Stored data entries:
※ ※ ※

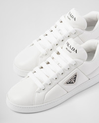 These sneakers with a sporty, minimalist attitude are made of soft nappa leather that is lightly padded for a light, elegant effect. The lettering logo stands out on the tongue while the enameled metal triangle logo decorates the upper. - Product code: 1E204N_2DL8_F0009_F_025 - Leather lining - Enameled metal triangle logo - Cotton laces - 25 mm rubber sole - Tread with geometric pattern - Removable leather-covered insole - Imported MATERIALS Leather
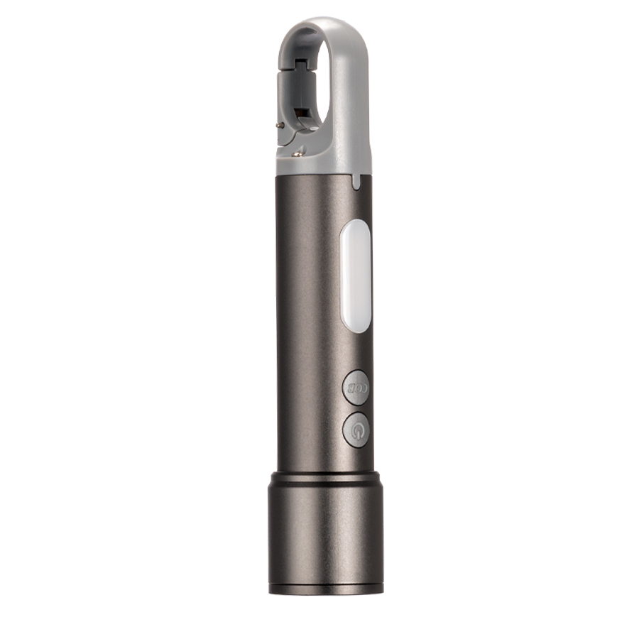Linterna táctica recargable de Aluminio con 15 diferentes funciones. Luz LED principal con 5 funciones o intensidades: 100%-50%-25%-estroboscópico-SOS. Lámpara lateral con 4 funciones: 100%-50%-luz roja frecuente y estroboscópica. Control de apertura de foco. Incluye cápsula blanca para convertir la linterna en lámpara, incluye 3 filtros de color: azul-verde-rojo. Incluye Mosquetón para colgar. Incluye cable de carga USB-Tipo C y ranura Tipo C para cargar la batería interna. Características técnicas: 1) Batería de litio 18650 2) Voltaje: 3.7 V 3) Luminosidad: 1000 Lumen 4) Carga: 2000 mAh 5) Potencia: 20W 6) Alcance de Proyección: 150m 7) Tiempo de Carga: 5 horas aprox. Presentación en caja de regalo de cartón kraft.
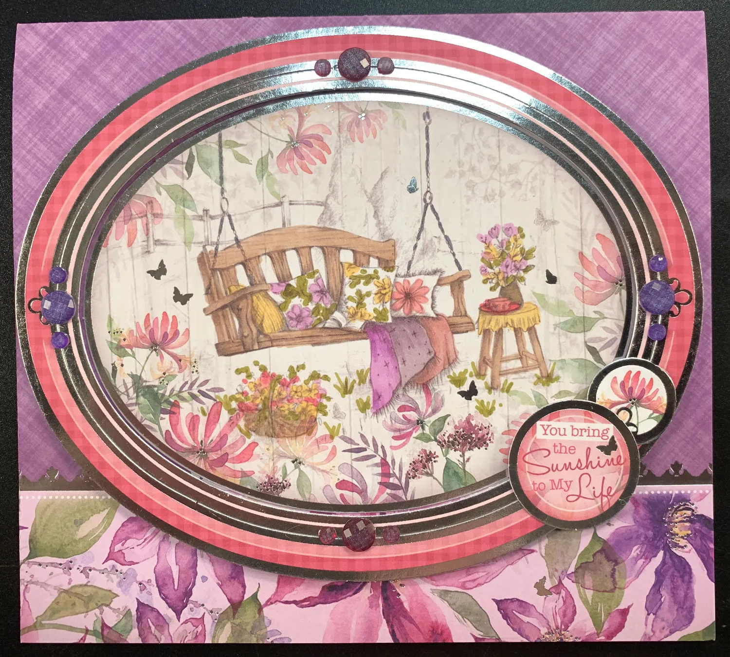 Punch out the two matching oval frames without separating them. Use foam tape to attach the frames around the swing oval. Punch out the “you bring the sunshine to my life” label and one of the small flower labels. Glue them to the frames as shown. Place four large and eight small sparkles on the frame as shown.
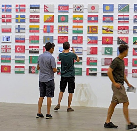Un monitor tra le bandiere cattura l’attenzione e lì ci appaiono alcune formiche che si stanno muovendo tra le bandiere corrodendone l’integrità, indifferenti ed incuranti di limiti e dei confini disegnati: un’idea artistica strabiliante, che ci racconta, in estrema sintesi, riflessioni sul ruolo dell’umanità in rapporto alla natura e gli altri esseri viventi, sulla fragilità e l’inutile oppressione dei confini e dei limiti imposti dal potere, sull’ineluttabilità delle migrazioni e degli spostamenti, temi oggi tra i più scottanti della nostra epoca.
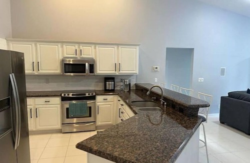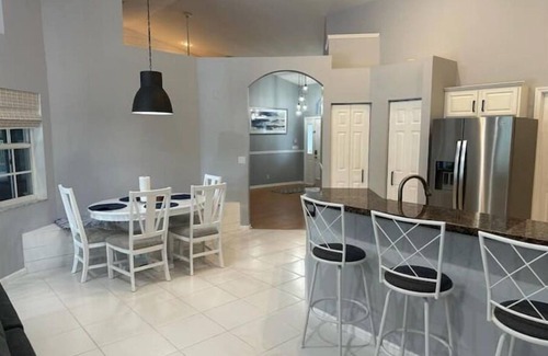 Great location, 3 bedrooms home in Lake Worth, FL. Only 11 miles from Palm Beach International Airport. Near to Turnpike Highway, Wellington Mall, restaurants, supermarkets, and 20 minutes from Lake Worth Beach Casino Ballroom. The house has a beautiful view to the Palm Beach National Golf & Country Club. 1 King size bedroom with master bath, work space, 1 Queen size bedroom, 1 full size bedroom, 1 full guest bathroom. Living room, kitchen, heated pool and lanai area. There is an extra fee for each pet, per stay.
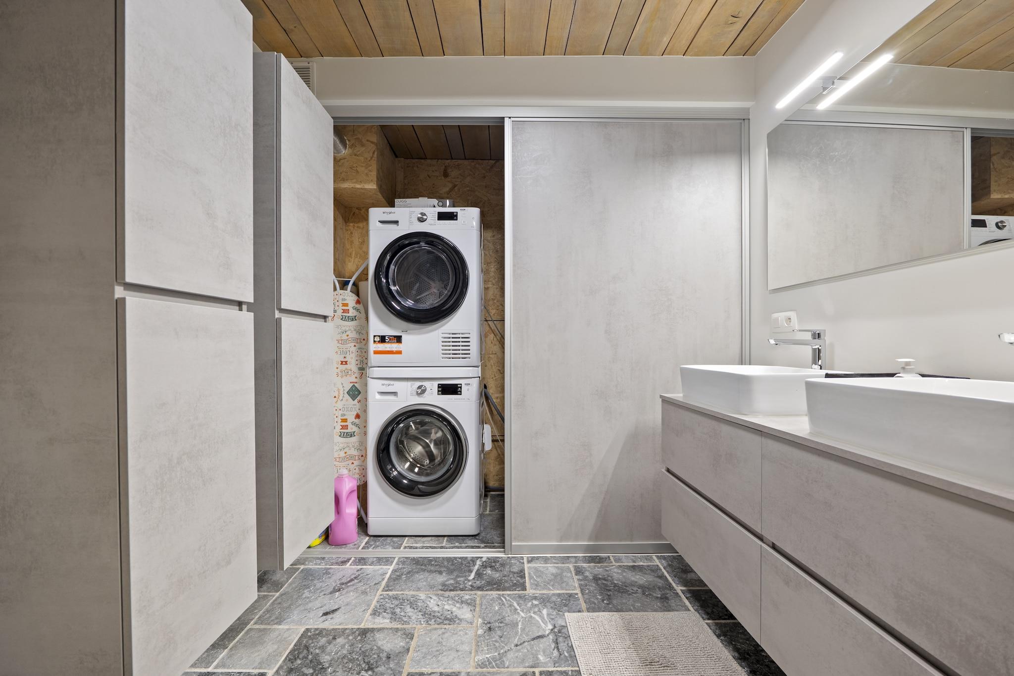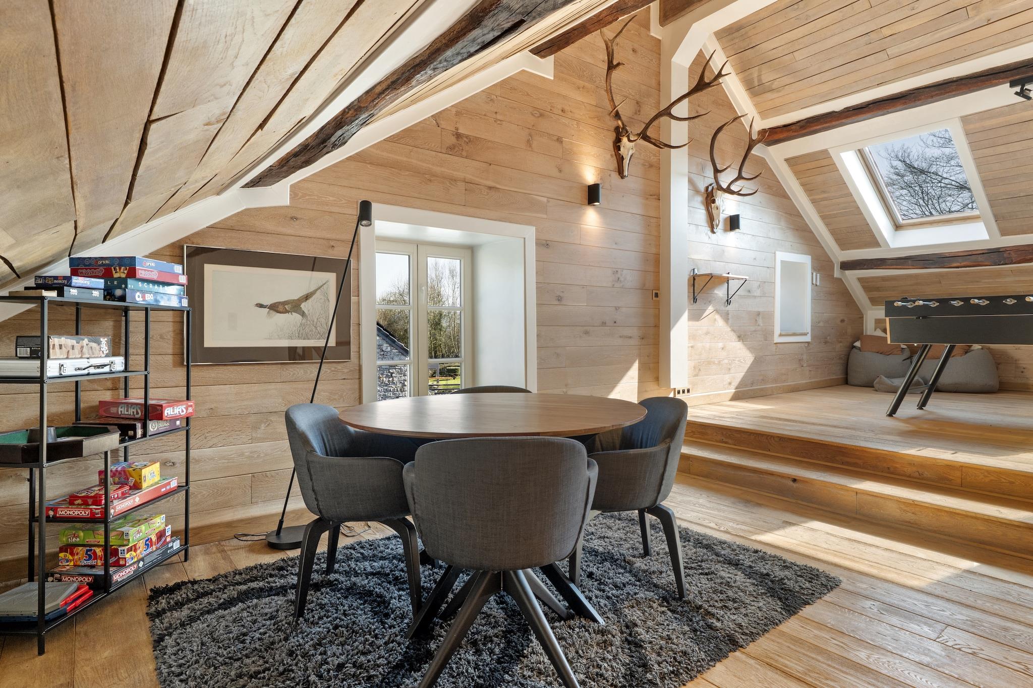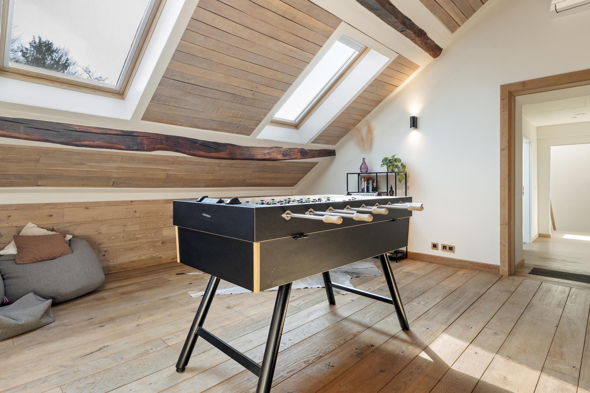 Velkommen til dette smukt indrettede landsted i Aywaille, der er egnet til 9 gæster og perfekt til familier eller vennegrupper, der ønsker at kombinere luksus, plads og natur. I stueetagen finder I en rummelig entré, en hyggelig stue, et fuldt udstyret køkken, en separat spisestue, et praktisk bryggers og et separat toilet. Første sal byder på et komfortabelt soveværelse og to stilfulde badeværelser: et med dobbelt håndvask, bruseniche, vaskemaskine og tørretumbler, og et med badekar, bruseniche, dobbelt håndvask og toilet, plus et ekstra separat toilet. På anden sal er der fire ekstra soveværelser, hvilket sikrer masser af privatliv for alle. Alle soveværelser er udstyret med en dobbeltseng, gulvvarme og aircondition, hvilket garanterer optimal komfort i enhver sæson. På mezzaninen finder I et hyggeligt opholdsrum med siddeområde, stereoanlæg, bordfodbold, dart, billard og brætspil – perfekt til lange, hyggelige aftener sammen. Udenfor kan I slappe af i den store have med rummelig terrasse, tøndesauna, gasgrill og komfortabelt loungesæt. Der er rigelig privat parkering, en barneseng er tilgængelig, og sengene er redt ved ankomst, så din ferie kan starte med det samme. Beliggenheden er en anden stor fordel. Nyd en smuk gåtur langs Ninglinspo, oplev Les Fonds de Quarreux eller besøg de imponerende Remouchamps-huler. Familier vil elske Wild World Safari Park. Inden for 30 minutters kørsel når du den verdensberømte Circuit de Spa-Francorchamps og vandfaldene i Coo. Den charmerende by Durbuy ligger også i nærheden. Her bor du i hjertet af Ardennerne, med natur, eventyr og afslapning inden for rækkevidde.
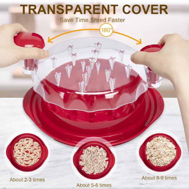 中央のアップグレードされた回転構造と、チキンシュレッダー、チキンシュレッダーツールの透明度はっきりとカバーします。通常のクマの爪よりも6倍速く、肉を数秒で細断するか、お好きな細断方法を選択できます(チキンナゲットまたはチキンの細断)。
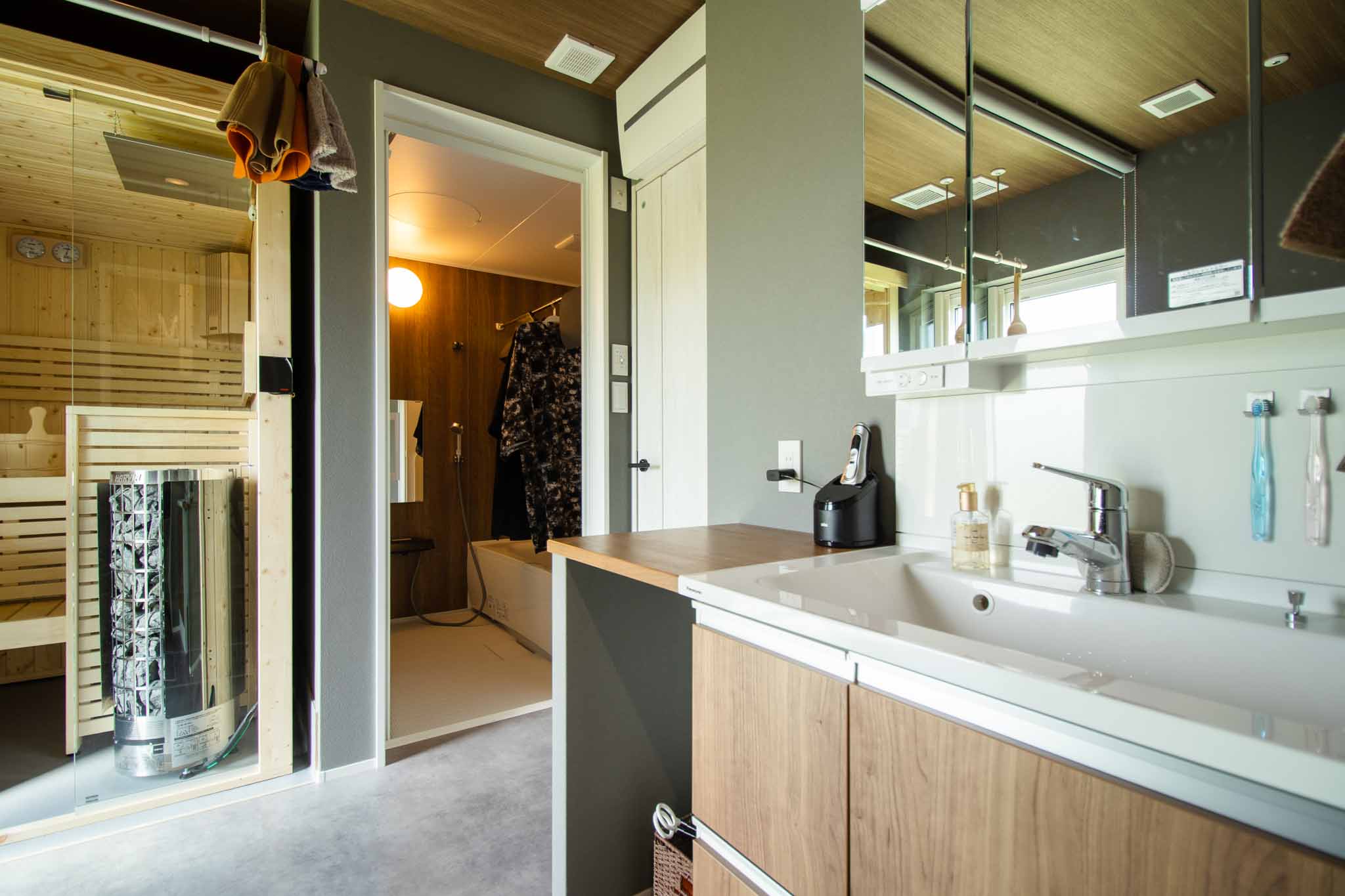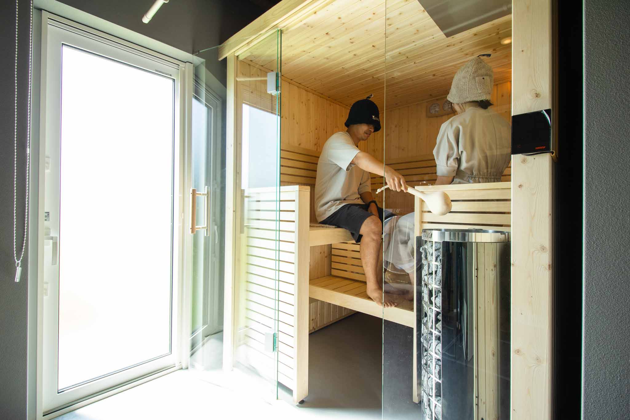 サウナ:オーナー様のご要望で実現した待望のホームサウナは、開放感のあるガラス扉とコの字形のベンチを備えています。ハルビア社のサウナストーブを採用し、施設クオリティの本格的な体験が楽しめます。

※ ※ ※

- YOUR TASK
Print every record above exactly, with no pictures.

- OUTPUT
 These sneakers with a sporty, minimalist attitude are made of soft nappa leather that is lightly padded for a light, elegant effect. The lettering logo stands out on the tongue while the enameled metal triangle logo decorates the upper. - Product code: 1E204N_2DL8_F0009_F_025 - Leather lining - Enameled metal triangle logo - Cotton laces - 25 mm rubber sole - Tread with geometric pattern - Removable leather-covered insole - Imported MATERIALS Leather
Linterna táctica recargable de Aluminio con 15 diferentes funciones. Luz LED principal con 5 funciones o intensidades: 100%-50%-25%-estroboscópico-SOS. Lámpara lateral con 4 funciones: 100%-50%-luz roja frecuente y estroboscópica. Control de apertura de foco. Incluye cápsula blanca para convertir la linterna en lámpara, incluye 3 filtros de color: azul-verde-rojo. Incluye Mosquetón para colgar. Incluye cable de carga USB-Tipo C y ranura Tipo C para cargar la batería interna. Características técnicas: 1) Batería de litio 18650 2) Voltaje: 3.7 V 3) Luminosidad: 1000 Lumen 4) Carga: 2000 mAh 5) Potencia: 20W 6) Alcance de Proyección: 150m 7) Tiempo de Carga: 5 horas aprox. Presentación en caja de regalo de cartón kraft.
 Punch out the two matching oval frames without separating them. Use foam tape to attach the frames around the swing oval. Punch out the “you bring the sunshine to my life” label and one of the small flower labels. Glue them to the frames as shown. Place four large and eight small sparkles on the frame as shown.
Un monitor tra le bandiere cattura l’attenzione e lì ci appaiono alcune formiche che si stanno muovendo tra le bandiere corrodendone l’integrità, indifferenti ed incuranti di limiti e dei confini disegnati: un’idea artistica strabiliante, che ci racconta, in estrema sintesi, riflessioni sul ruolo dell’umanità in rapporto alla natura e gli altri esseri viventi, sulla fragilità e l’inutile oppressione dei confini e dei limiti imposti dal potere, sull’ineluttabilità delle migrazioni e degli spostamenti, temi oggi tra i più scottanti della nostra epoca.
 Great location, 3 bedrooms home in Lake Worth, FL. Only 11 miles from Palm Beach International Airport. Near to Turnpike Highway, Wellington Mall, restaurants, supermarkets, and 20 minutes from Lake Worth Beach Casino Ballroom. The house has a beautiful view to the Palm Beach National Golf & Country Club. 1 King size bedroom with master bath, work space, 1 Queen size bedroom, 1 full size bedroom, 1 full guest bathroom. Living room, kitchen, heated pool and lanai area. There is an extra fee for each pet, per stay.
 Velkommen til dette smukt indrettede landsted i Aywaille, der er egnet til 9 gæster og perfekt til familier eller vennegrupper, der ønsker at kombinere luksus, plads og natur. I stueetagen finder I en rummelig entré, en hyggelig stue, et fuldt udstyret køkken, en separat spisestue, et praktisk bryggers og et separat toilet. Første sal byder på et komfortabelt soveværelse og to stilfulde badeværelser: et med dobbelt håndvask, bruseniche, vaskemaskine og tørretumbler, og et med badekar, bruseniche, dobbelt håndvask og toilet, plus et ekstra separat toilet. På anden sal er der fire ekstra soveværelser, hvilket sikrer masser af privatliv for alle. Alle soveværelser er udstyret med en dobbeltseng, gulvvarme og aircondition, hvilket garanterer optimal komfort i enhver sæson. På mezzaninen finder I et hyggeligt opholdsrum med siddeområde, stereoanlæg, bordfodbold, dart, billard og brætspil – perfekt til lange, hyggelige aftener sammen. Udenfor kan I slappe af i den store have med rummelig terrasse, tøndesauna, gasgrill og komfortabelt loungesæt. Der er rigelig privat parkering, en barneseng er tilgængelig, og sengene er redt ved ankomst, så din ferie kan starte med det samme. Beliggenheden er en anden stor fordel. Nyd en smuk gåtur langs Ninglinspo, oplev Les Fonds de Quarreux eller besøg de imponerende Remouchamps-huler. Familier vil elske Wild World Safari Park. Inden for 30 minutters kørsel når du den verdensberømte Circuit de Spa-Francorchamps og vandfaldene i Coo. Den charmerende by Durbuy ligger også i nærheden. Her bor du i hjertet af Ardennerne, med natur, eventyr og afslapning inden for rækkevidde.
 中央のアップグレードされた回転構造と、チキンシュレッダー、チキンシュレッダーツールの透明度はっきりとカバーします。通常のクマの爪よりも6倍速く、肉を数秒で細断するか、お好きな細断方法を選択できます(チキンナゲットまたはチキンの細断)。
 サウナ:オーナー様のご要望で実現した待望のホームサウナは、開放感のあるガラス扉とコの字形のベンチを備えています。ハルビア社のサウナストーブを採用し、施設クオリティの本格的な体験が楽しめます。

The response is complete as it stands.